* Your objective *
Reproduce the listing that follows in full. Omit its images.

* Data block *
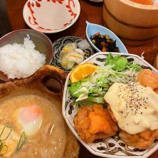 羽釜ごはん 美味しい定食屋さんでお友達とランチ! 羽釜で炊いたごはん、最高です🍚 オレンジ香るチキン南蛮
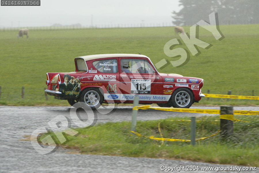 Car No: 115 Don Rubie and Charlie Macfarquhar - Ford Anglia 105E - Dunlop Targa New Zealand 2004 - Special Stage 40
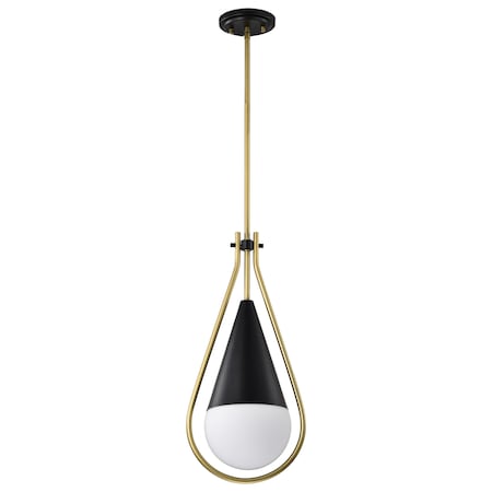 A modern collection with a twist, the Admiral 60-7902 small pendant features a dual finish, unique design, and a fashionable statement for home luminaires. A suspended tear-dropped shape is comprised of matte black with natural brass elements encompassing the fixture. The white opal glass orb shields the light source for smooth, even lighting to bring a warm glow to any space. A beautiful design that is versatile and will compliment a variety of home decors. Accepts one 60 watt A19 medium base bulb or LED equivalent / Steel Construction / White Opal Glass / Matte Black Finish / Damp Location Rated / 1 Year Warranty / Instructions and mounting hardware included for easy installation / Experience the perfect blend of style and functionality with the Admiral collection, tailored to suit your unique taste and elevate your living spaces..

* Solution for this exercise *
 羽釜ごはん 美味しい定食屋さんでお友達とランチ! 羽釜で炊いたごはん、最高です🍚 オレンジ香るチキン南蛮
 Car No: 115 Don Rubie and Charlie Macfarquhar - Ford Anglia 105E - Dunlop Targa New Zealand 2004 - Special Stage 40
 A modern collection with a twist, the Admiral 60-7902 small pendant features a dual finish, unique design, and a fashionable statement for home luminaires. A suspended tear-dropped shape is comprised of matte black with natural brass elements encompassing the fixture. The white opal glass orb shields the light source for smooth, even lighting to bring a warm glow to any space. A beautiful design that is versatile and will compliment a variety of home decors. Accepts one 60 watt A19 medium base bulb or LED equivalent / Steel Construction / White Opal Glass / Matte Black Finish / Damp Location Rated / 1 Year Warranty / Instructions and mounting hardware included for easy installation / Experience the perfect blend of style and functionality with the Admiral collection, tailored to suit your unique taste and elevate your living spaces..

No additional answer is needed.